The vast number of Foreclosure properties on the market and the preference of buyers for this product will tend to keep the Standard Sale at a disadvantage for some time.
Thoughts to keep in mind:
• Traditional sellers are finding that the number of offers received is not nearly as high as those received on foreclosure properties, which often receive multiple bids. The negotiation process also differs between traditional sellers today and traditional sellers during the height of the market. The Crown Team knows if a house is not being shown, then it is overpriced. The record number of foreclosed homes on the market gives buyers even more leverage.
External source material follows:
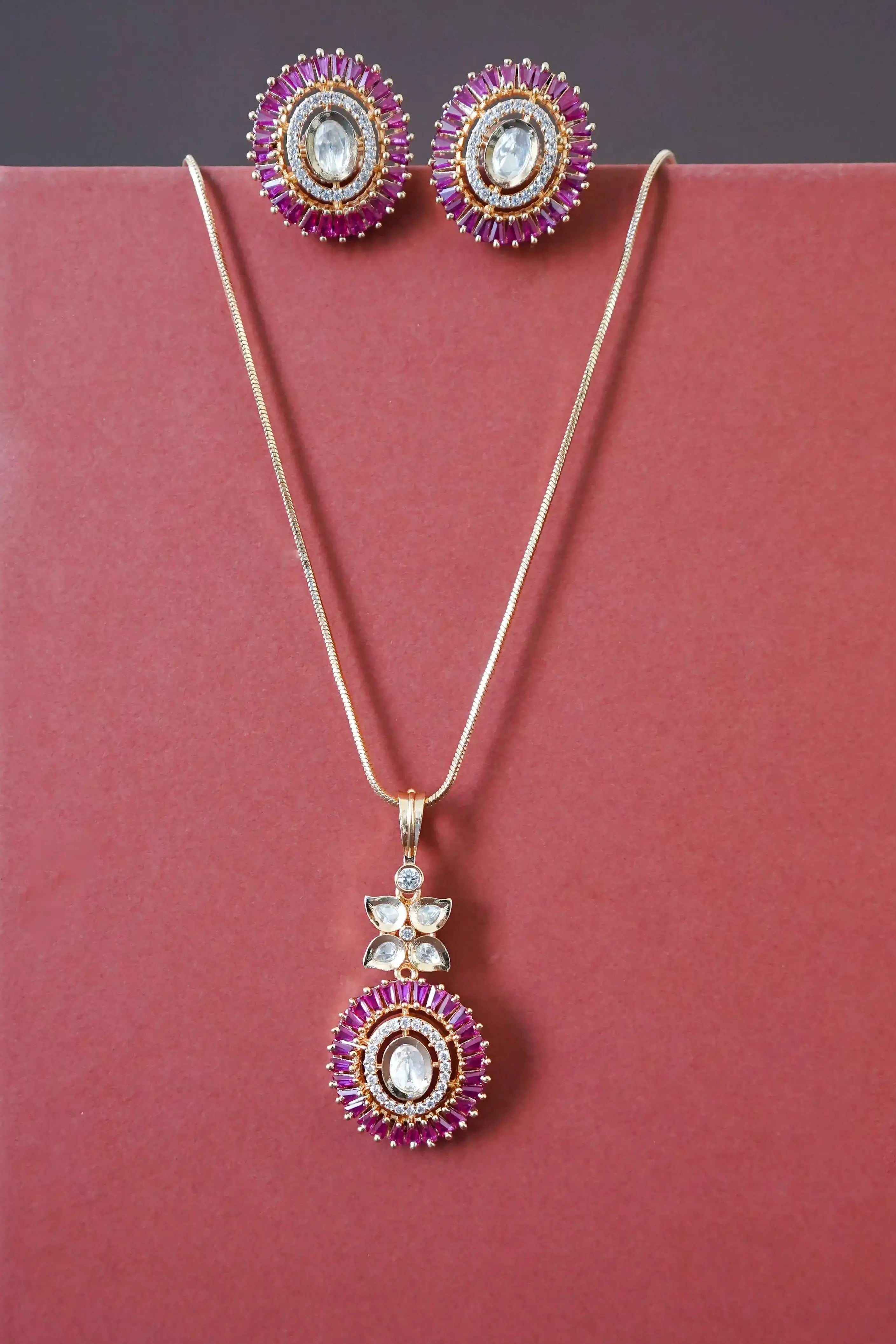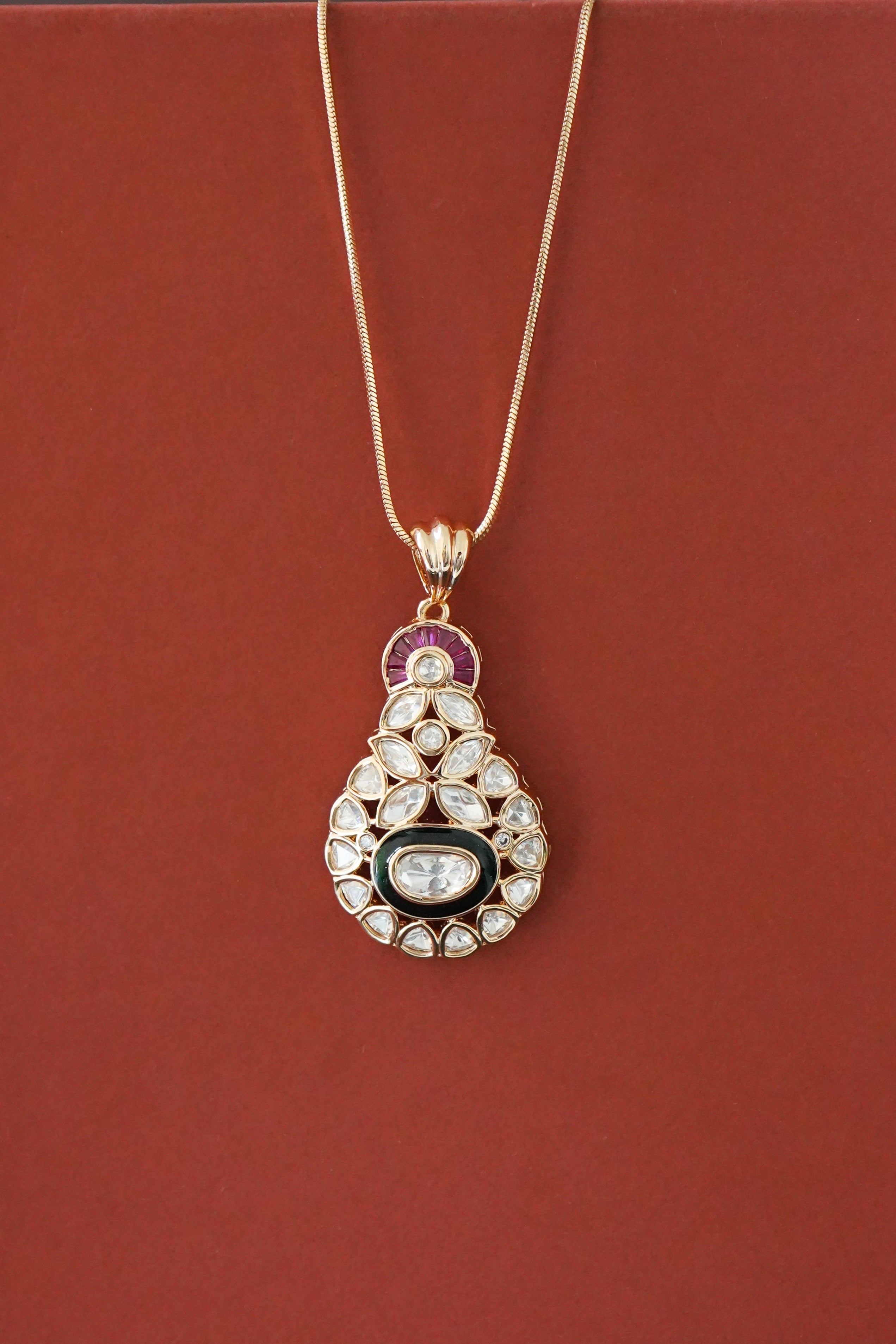 Usha Kundan Meenakari Pendant Set- Ruby
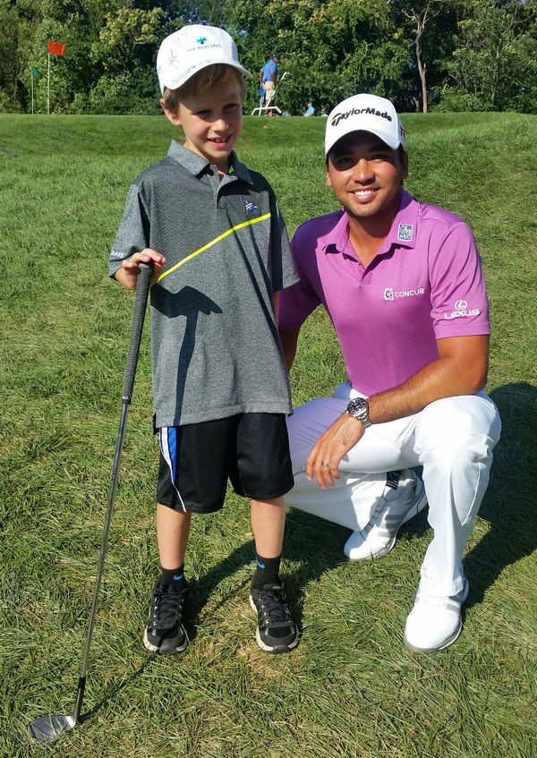Jason Day hands his Whistling Straits winning 52p-degree wedge to 7-year old New Jersey youngster. Andrew Snallwood.

• Resulting from the credit crisis, lenders now often require much more paperwork and thoroughly review borrowers’ credit histories, bank statements, tax returns, and job histories. The average mortgage applications today starts three times thicker than what it was at the start of the housing boom, and often gets thicker as the process moves along. One mortgage broker reports that now lenders want to know everything about the buyer, “It’s a true and full underwriting process on every particular loan.”
• It is not uncommon nowadays for closings to take 60 days. One reason is because of the adoption of the Home Valuation Code of Conduct (HVCC), which often results in appraisers evaluating homes in areas they are not familiar with and often using comparables that are inaccurate. This has caused delays in closing sales, and in some cases, undermining sales because appraisals are coming in too low.
• Just about everyone in the real estate industry agrees that another dramatic boom-bust cycle isn’t going to happen again anytime soon.